Он рассказал об одном человеке, об одном аморальном субъекте, о расправе, о насилии, которое совершилось или не совершилось…
Эдвард повернулся на своем стуле, побледнел, закинул голову; все напрасно, его рвало неудержимо. Он обтер себе рот и, обессиленный, закрыл глаза.
…Отвратительно.
Но так я ничего не достигну. «Если тебя соблазняет твой глаз, вырви его!»
Эдвард позвонил.
Голубое платьице Элис
Это заметили все: ему становилось лучше. Однако физическое улучшение имело свои последствия и устраивало далеко не каждого. Теперь Эдвард на костылях бродил по дому, медленно поднимался по лестницам, наносил визиты. Он ощутимо вмешивался в жизнь домашних.

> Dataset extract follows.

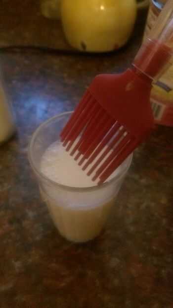 Tome un cepillo, como sería utilizar para poner salsa de carne y sumergir en la leche.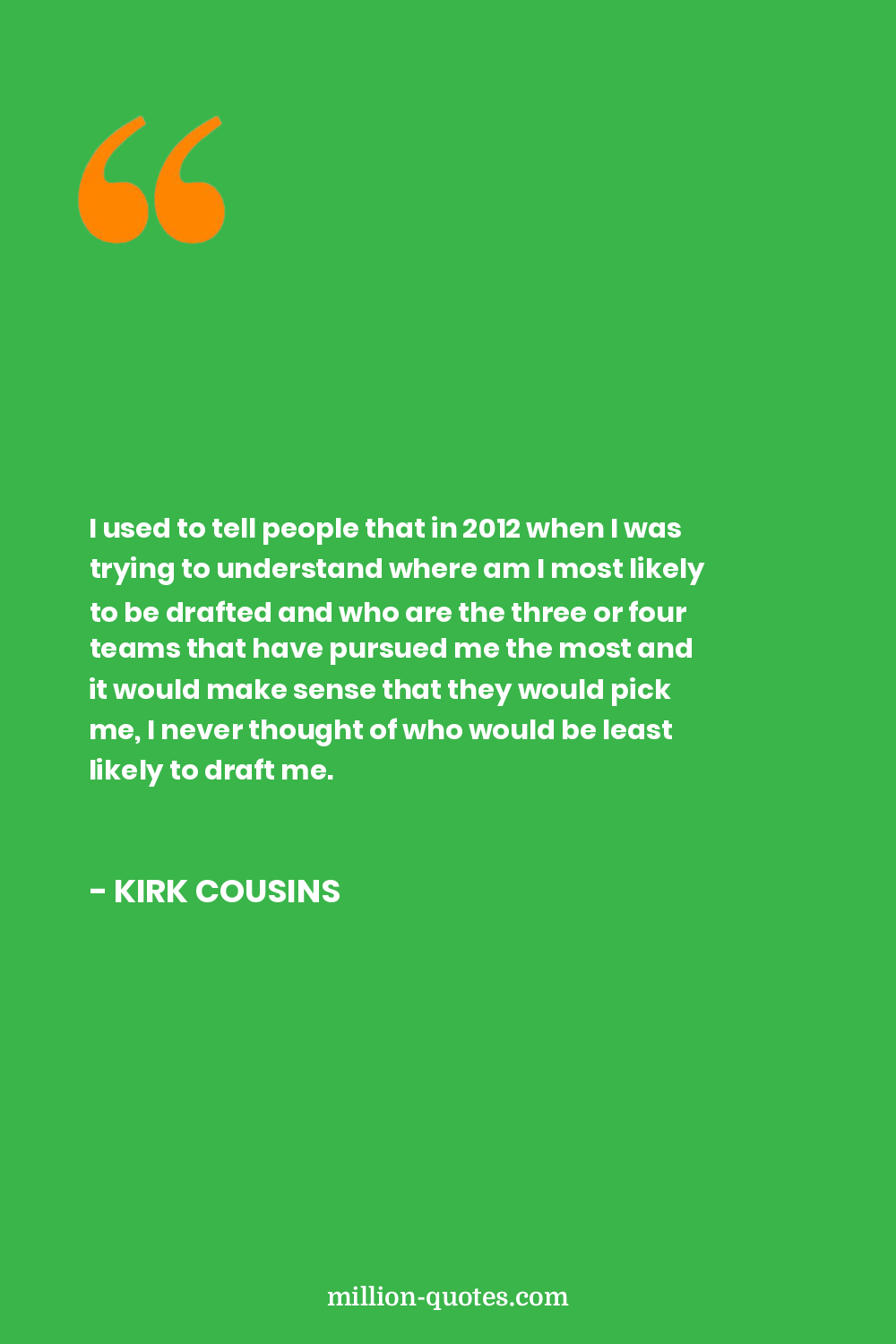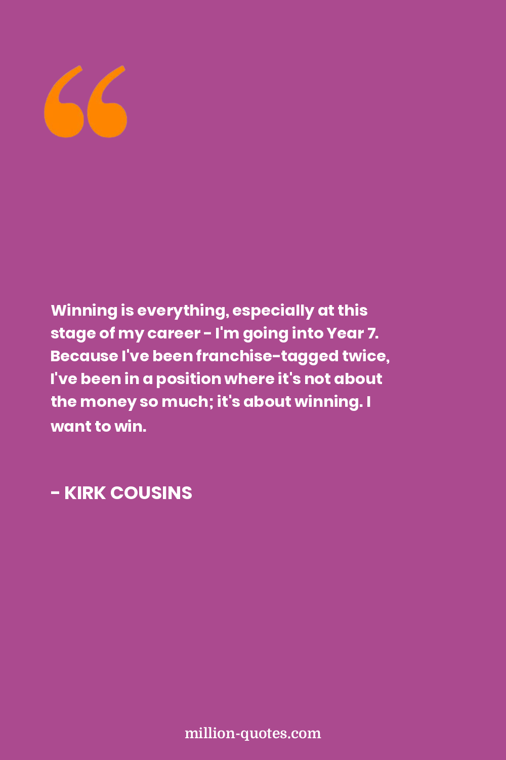 Guys can see through fake! They can tell someone who's just trying to check the box! So, I've got to be Kirk Cousins and believe that'll be good enough!

Его деревянные костыли со стуком и грохотом передвигались по коридорам и лестницам. Протез тяжело ударял в пол и поскрипывал. Эдвард был в непрерывном движении, его беспокойный дух чего-то искал, выпытывал, спрашивал, прислушивался.
Сын вторгался к отцу. Поднимался из своей комнаты на второй этаж, проходил по коридору и, не постучавшись, открывал дверь — так, словно это была его комната. Слегка кивнув, садился на первый попавшийся стул. Он не начинал разговора первый. Ждал, пока отец спросит, не надо ли ему чего-нибудь. Эдвард отвечал, что ничего не надо; иногда он просто отрицательно качал головой. Так он сидел, присутствовал. Неясно, чего он ждал.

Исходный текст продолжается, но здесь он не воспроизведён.